Inductive adt: exp -> Prop :=
| CA: forall e, adt e.
Coercion nat_to_exp := CE.
Ltac my_tactic := match goal with
| [ |- adt (CE ?N) ] => apply (CA (CE N))
end.
And I try to prove a simple theorem using the custom tactic:
Theorem silly: adt 0.
Proof.
my_tactic. (* Error: No matching clauses for match. *)
Abort.
This fails, because the goal is not of the form adt (CE ?N) but of the form adt (nat_to_exp ?N) (This is shown explicitly when using Set Printing Coercions).

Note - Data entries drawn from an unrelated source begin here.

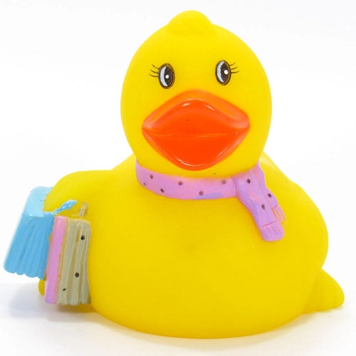 You'll be delighted to find out that Shopping Rubber Duck comes with multiple bags for all your shopping needs! It measures approximately 3 3/8" W x 3 1/4"H x 3 1/8"L, so get ready to shop till you drop (literally, the duck can't carry much more).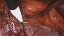 Laparoscopic freeing of the lower rectum is facilitated by the use of ultrasonic scissors or a vessel-sealing device.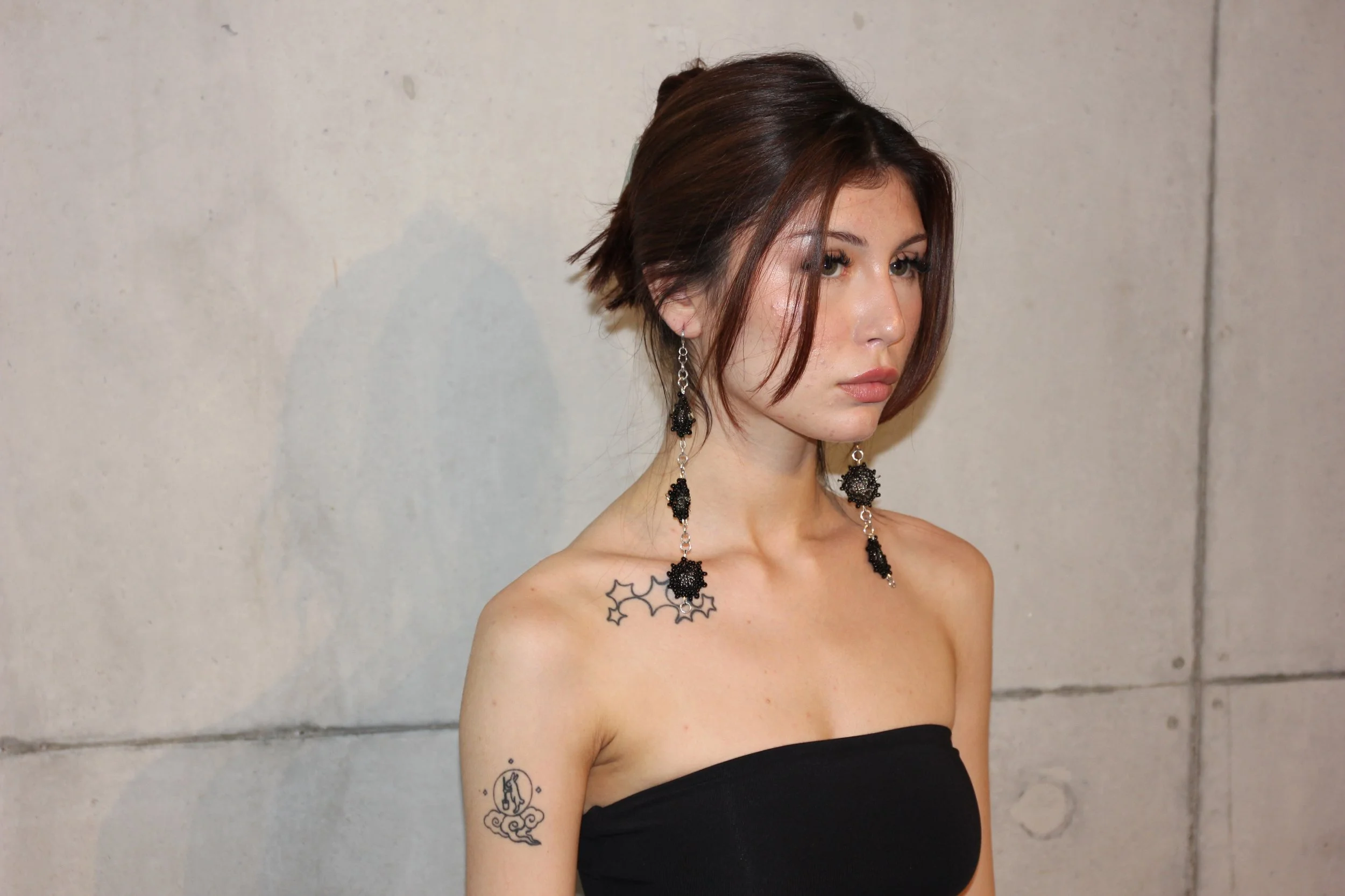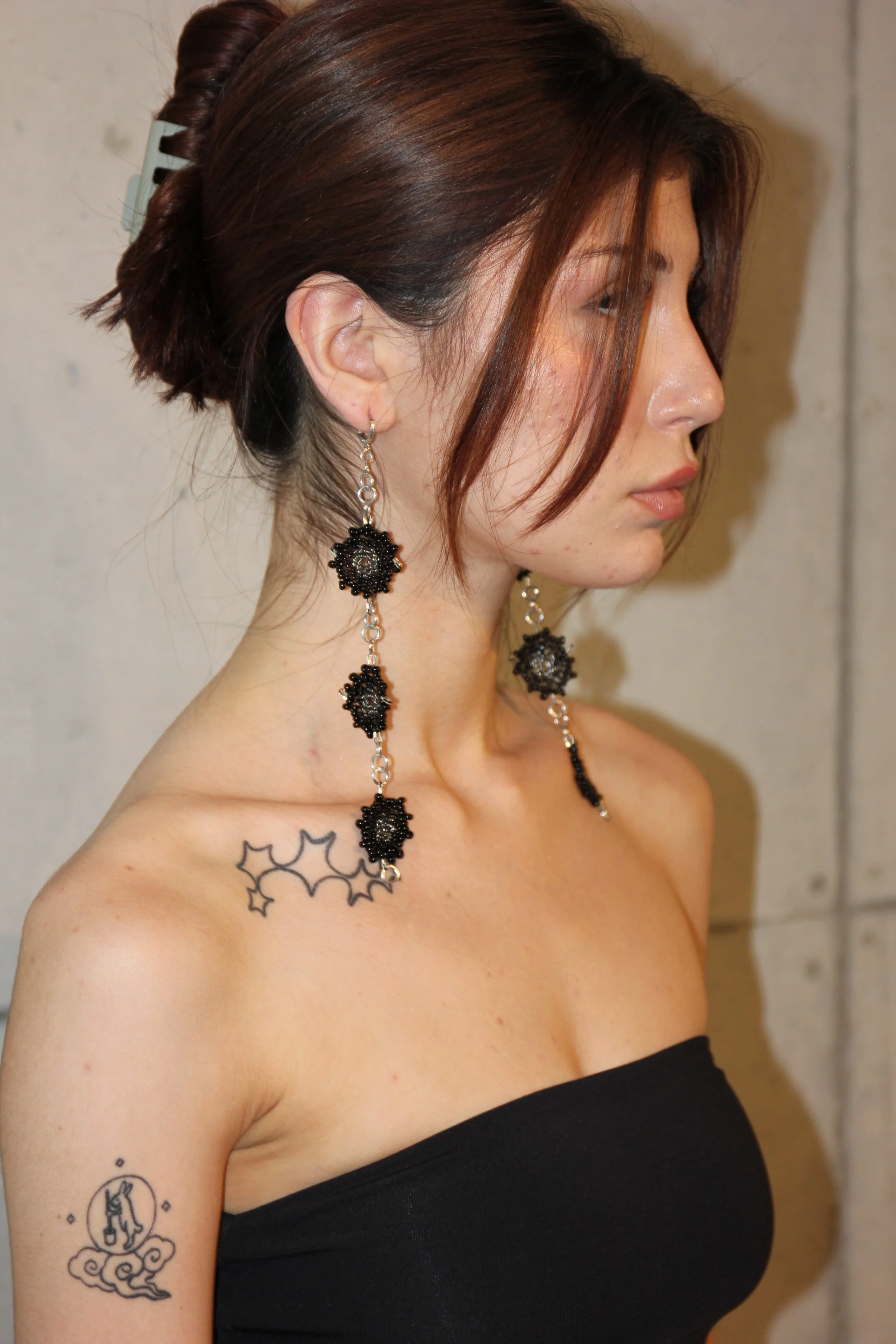 These earrings were featured in the ELLEANNA-S/S-2024 runway, paired with The Sensa dress. They are a 1 of 1 piece, made from handmade chainmail with aluminum jump rings and peyote-stitch beading using shades of black glass beads. These are a more elevated design than our Eternal Earrings and perfect for spicing up any outfit.

Trying to prove a slightly different theorem works:
Theorem silly: adt (CE 0).
Proof.
my_tactic. (* Success. *)
Qed.
Possible workarounds I know of:
unfold nat_to_exp). This alleviates the problem slightly, but fails as soon as a new coercion is introduced the tactic doesn't know about.Ideally, I would like the pattern matching to succeed if the pattern matches after unfolding all definitions (The definitions should not stay unfolded, of course).
Is this possible? If not, are there reasons why it is not possible?

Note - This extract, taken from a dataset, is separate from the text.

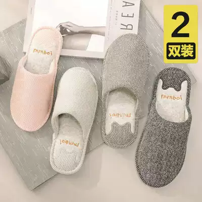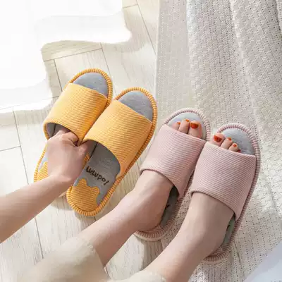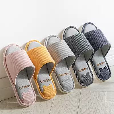 Slippers Female spring and autumn linen cotton linen indoor couple home household ins Male four seasons fashion guests mute pair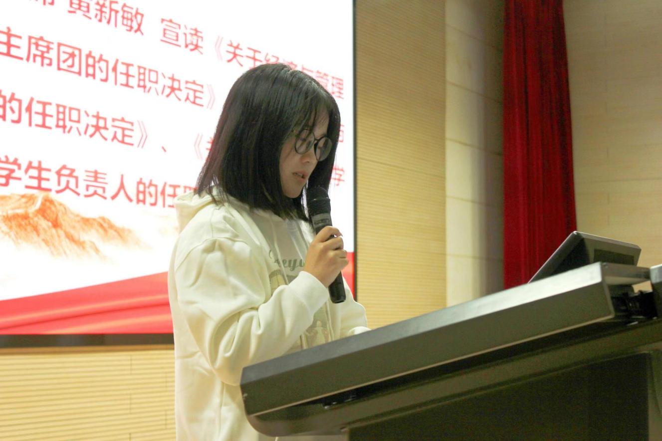 会议伊始,全体起立,奏唱《中华人民共和国国歌》,全体成员庄严肃立,歌声洪亮。随后,williamhill英国学生会执行主席黄新敏宣读《关于williamhill英国第九届学生会秘书长和主席团的任职决定》《关于williamhill英国分团委学生副书记的任职决定》《关于williamhill英国团学组织主要学生负责人的任职决定》。

You can directly declare the constructor CE as a coercion rather than wrapping it as nat_to_exp like so:
Coercion CE : nat >-> exp.
The proof then goes through without any issue. If you insist on naming your coercion (e.g. because it's a compound expression rather than a single constructor), you can change your tactics so that it handles non unfolded coercions explicitly:
Ltac my_tactic := match goal with
| [ |- adt (CE ?N) ] => apply (CA (CE N))
| [ |- adt (nat_to_exp ?N) ] => apply (CA (CE N))
end.